The study evaluates the performance of conventional techniques, such as logistic regression and decision trees, against deep learning models, including convolutional neural networks (CNNs) and recurrent neural networks (RNNs). These methods are assessed based on their accuracy, computational efficiency, and ability to generalize across diverse datasets. The analysis employs a comprehensive dataset comprising anonymized financial transactions to ensure the validity and applicability of the findings.
Preliminary results highlight a marked improvement in detection accuracy when deploying deep learning methods. Specifically, CNNs and RNNs demonstrate superior performance in identifying intricate, non-linear patterns indicative of money laundering. Additionally, these models exhibit greater adaptability to evolving laundering tactics, a critical advantage in dynamic financial landscapes. Despite the computational demands of training deep learning models, their scalability and precision underscore their potential as a transformative tool in anti-money laundering (AML) efforts.

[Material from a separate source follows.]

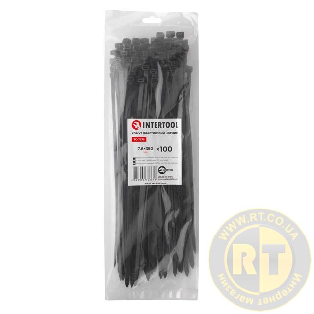 Хомут пластиковий, 7,6×350 мм, 100 шт/упак, чорний INTERTOOL TC-7636

This study underscores the necessity for financial institutions to integrate advanced machine learning frameworks into their AML strategies. While traditional methods provide a foundational understanding, the integration of deep learning models offers a promising avenue for enhancing detection capabilities. Future research will focus on optimizing these models for real-time detection and exploring the ethical considerations surrounding their deployment. This paper contributes to the ongoing discourse on leveraging artificial intelligence to combat financial crime, ultimately fostering more secure and resilient financial systems.